An insider’s account of China’s concentration camps for Uighur Muslims | SoundVision.com

An insider’s account of China’s concentration camps for Uighur Muslims

Excerpts from Radio Free Asia interview

This is the first-hand account of Abdusalam Muhemet, a former business owner in his 40s, who was sent to a political “re-education camp” for 70 days in China. He now lives in exile in Turkey.

Since I’m innocent, I thought I would turn myself in. I had nothing to hide and I didn’t have anywhere to go. They took me to the National Security Bureau for interrogation. As soon as we got there, they took me somewhere to draw blood. Afterwards, they shaved my hair and ripped my clothes off, because we couldn’t wear any garments with buttons, and I was left with only my long underpants and a shirt. We entered the gate of the detention center, which was surrounded with cameras. The guards were all armed.

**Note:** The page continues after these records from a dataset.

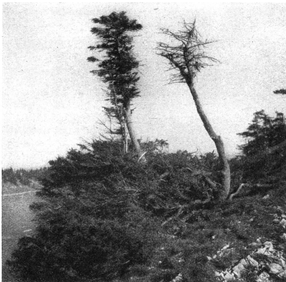
Vieux épicias aux prises avec les éléments; formation caractéristique de branches basses.

l'autre. Ici, la forêt perd ses droits. Sur les corniches, des buissons nous font signe : chèvrefeuilles, églantiers, amélanchiers, daphnés, cotonéasters, coronilles, etc. Dans les fentes du roc s'agrippe une flore aux riches couleurs, bellidiastres de Micheli, saxifrages faux-aizoon, androsaces lactées, aconits, spirées, mœhringies, gentianes, mulgédies, valérianes et, pour celui qui a du flair, les premières anémones à fleurs de narcisse et alpines et les sabots de Vénus.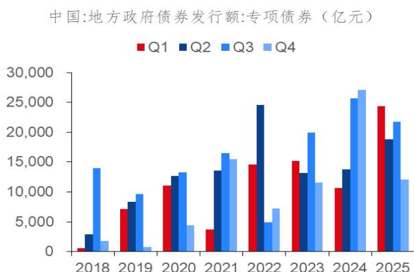
图 6：地方专项债呈增长趋势

短期来看，继续实施积极的财政政策和货币宽松可能对市场信心有支撑。(1) 维持赤字水平、新增促内需专项资金等继续提振经济和盈利预期：首先，CPI 增速和赤字率等目标和去年持平，同时安排中央预算内投资 7550 亿元、超长期特别国债 8000 亿元、新型政策性金融工具 8000 亿元等资金加大投资力度，继续维持 2500 亿元“以旧换新”规模和新增 1000 亿元促内需专项资金等可能提振消费。(2) 政策重点在着力扩内需和科技创新，同时继续强调反内卷，科技、周期和消费等行业的盈利都可能继续改善。(3) 继续实行适度宽松的货币政策可能使得流动性维持充裕：一是报告强调灵活高效运用降准降息等多种政策工具，宏观流动性可能维持充裕。二是继续强调健全中长期资金入市机制，机构资金可能继续加大流入股市。三是对财政和货币政策积极的定调以及“十五五”规划对行业发展的明确可能对当前偏低的市場情绪有提振。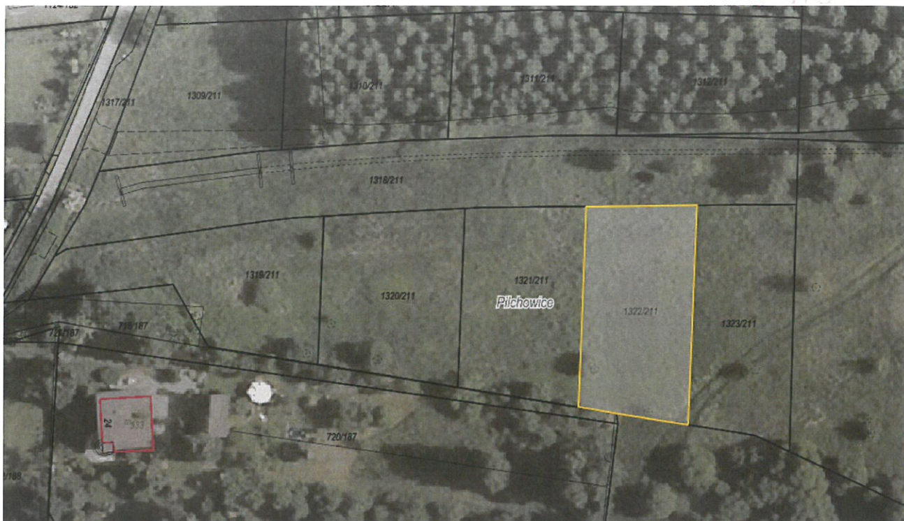
Rysunek 1 Działka nr 1322/211 przeznaczona do sprzedaży zaznaczona kolorem żółtym

We were in a small, three-by-three meter room with a thin mat on the floor. Fifteen of us slept on it. Fifteen people. If we lay on our backs, we wouldn’t fit. Fifteen people with manacles on our feet. Two people using one blanket and lying back-to-back.

There was no toilet there, just a plastic bucket that we brought. Every 24-48 hours, it would be dumped out. Two people would use a blanket to cover us when we used the bucket in the cell. After we finished, the smell would take over the entire room. Two people were manacled to one another by their ankles. The other person whose leg was shackled to mine had to stand next to me while I did my business.

There was an old, hard chair which we had to sit in all day while a camera monitored us. Our buttocks hurt and we felt a stinging pain from sitting still, but if we ever moved—even slightly—they would yell and shout at us over the loudspeaker using very nasty words, and even sometimes come in and immediately begin beating us.

We had to suffer through all of this while we were only at the investigation stage - this was the situation before any of us were formally charged.

Abdusalam Muhemet is a rare witness to the Chinese concentration camps who came out alive through bribing. He is also widely quoted by BBC, New York Times, and many others.